Integral from 0 to 1: x^2 (4x^3+2)^3 dx = x^3/3(x^4)^3 = F(1) - F(0)
F(1) = 1/3
F(0) = 0
= 1/3
If you think of it as $\displaystyle \int af\prime(x)~f(x)^n~=~\frac{af(x)^{n+1}}{n+1}$
Then $\displaystyle f(x)=4x^3+2 \implies f\prime(x)=12x^2$
Hence a must be $\displaystyle \frac{1}{12}$
Given the general result we have $\displaystyle \frac{\frac{1}{12}(4x^3+2)^4}{4}$
$\displaystyle
=~\frac{1}{48}(4x^3+2)^4
$
Probably you have seen what I've done.
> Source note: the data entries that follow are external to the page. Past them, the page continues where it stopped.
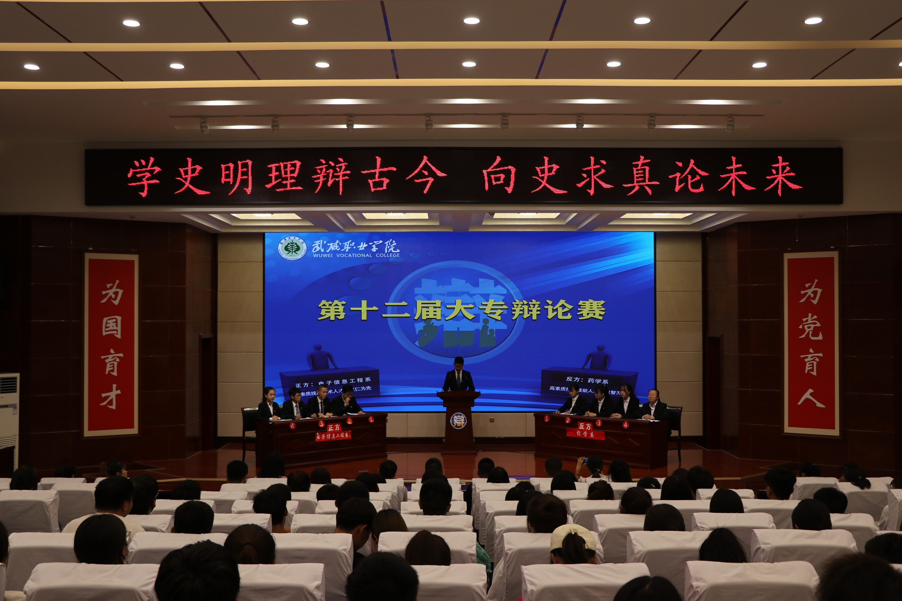 2021年 7月1日晚武威职业学院第十二届大专辩论赛在大学生活动中心菁英厅成功举行。
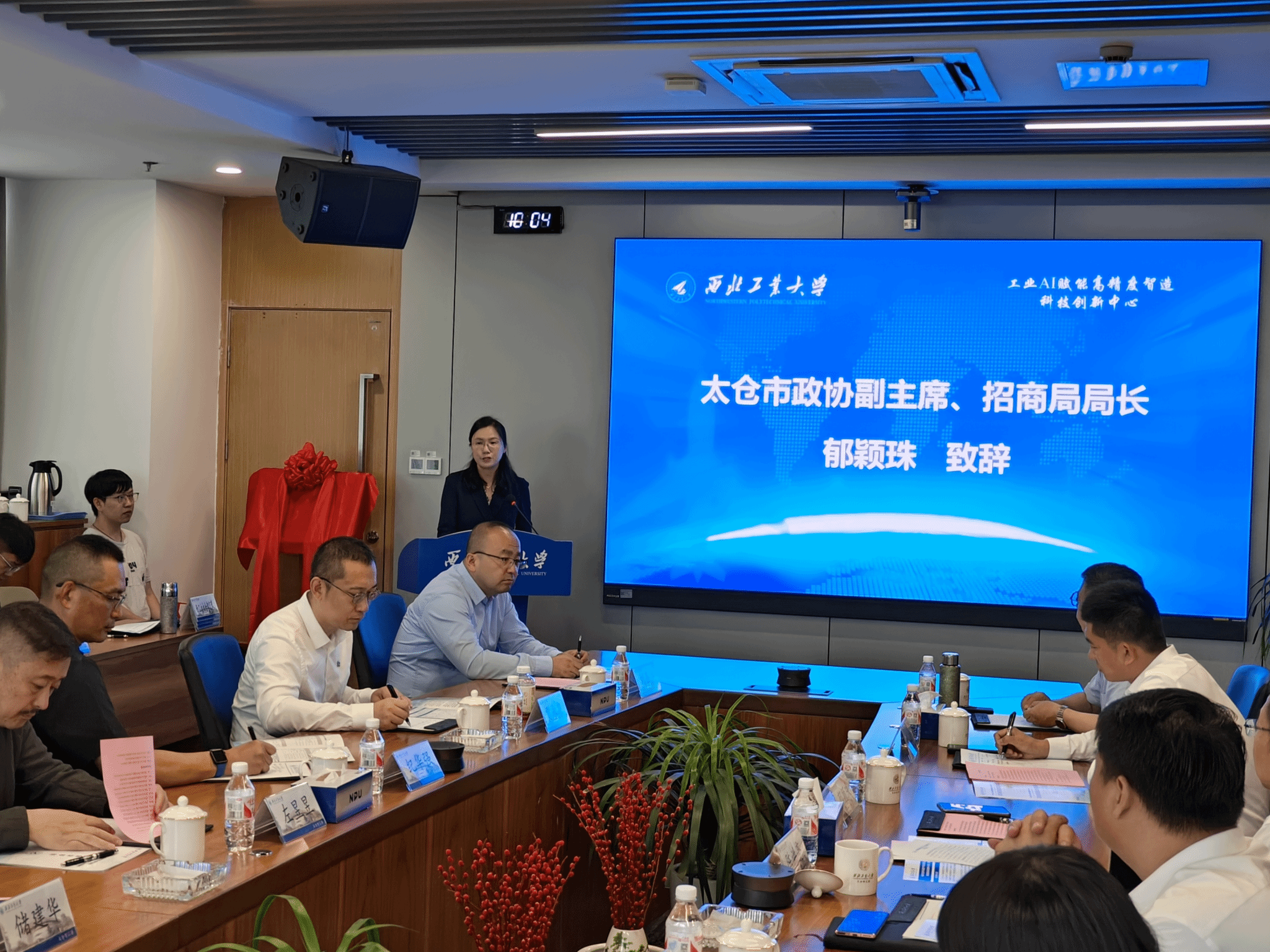 太仓智汇港基本情况以及“三航”科技创新中心建设进展。他希望工业AI赋能高精度智造科技创新中心用好校地企的政策、区位、人才及学科优势,共同打造人机物融合智能计算技术领域科技创新高地。郁颖珠向与会嘉宾介绍了太仓市基本情况以及相关产业发展情况。她希望三方合作下的科技创新中心聚焦智能制造重点领域,促进数字技术与实体经济融合,为太仓的高质量发展注入强劲的科技动力。纪华强、左昱昱、李晗分别发言,表示将全力支持创新中心建设,为中国智造贡献力量。贾永泉介绍了蔚来汽车的整体技术布局以及智能制造的相关成果。张仕进对科技创新中心的筹建工作进行了介绍。
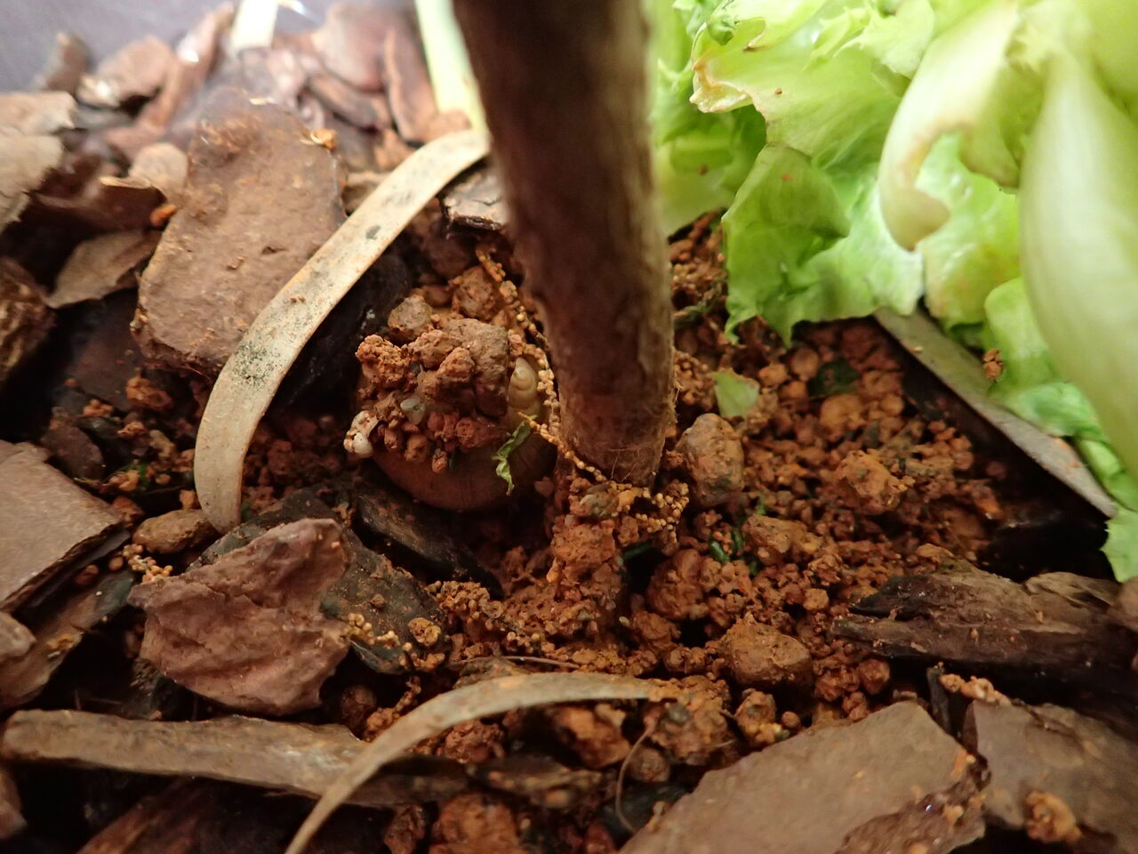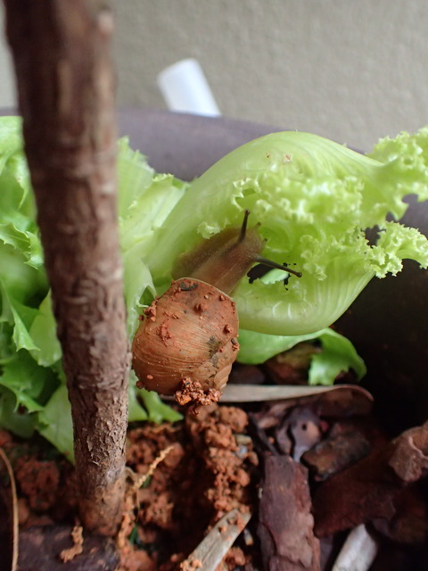 その後も鉢はそのまま置いています。何故ならその時一緒に連れてきたカタツムリのカタちゃんが住んでいるから![]()
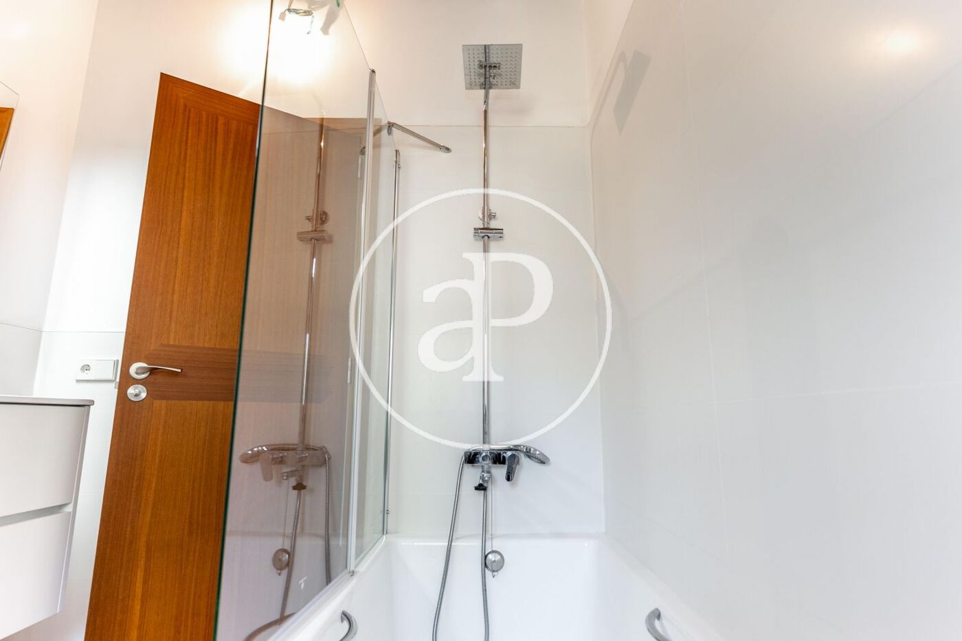 The upper floor, the night area, includes a living room, 3 double bedrooms with fitted wardrobes and en-suite bathrooms (two with showers and one with a bathtub), all with terrace access and unobstructed views.

Only in case you need some confirmation I'm going to show you how I got the anit-derivative:
$\displaystyle \int_0^1\left(x^2 (4x^3+2)^3\right) dx = \int_0^1\left(x^2\cdot 2^3 \cdot (2x^3+1)^3\right) dx$
Let $\displaystyle u = 2x^3+1~\implies~\frac{du}{dx}=6x^2~\implies~du = 6x^2 dx$
That means:
$\displaystyle du = \frac43 \cdot \underbrace{\frac34 \cdot 2^3 \cdot x^2}_{= 6x^2} \cdot dx$
The integral becomes:
$\displaystyle \int_0^1\left(\frac43 \underbrace{\cdot \underbrace{\frac34 \cdot 2^3 \cdot x^2}_{= 6x^2}}_{\frac{du}{dx}} \cdot (\underbrace{2x^3+1}_{u})^3)\right) dx = \frac43 \cdot \int_{u(0)}^{u(1)} (u^3) du$ = $\displaystyle \frac43 \cdot \left[\frac14 \cdot u^4\right]_{u(0)}^{u(1)}$
Now re-substitute and you'll get:
$\displaystyle
\int_0^1\left(x^2 (4x^3+2)^3\right) dx =\left. \frac{(2x^3+1)^4}{3}\right|_0^1$
Introduce a new variable:
u = 4x^3 + 2
They you can get dx=du/12x^2. You insert both of these two into you initial equation and get:
x^2*u^3*du/12x^2
Due to new variable you must change limits into 2 to 6, getting final equation
u^4/48Inserting the limits you obtain the result 26.67 or 80/3.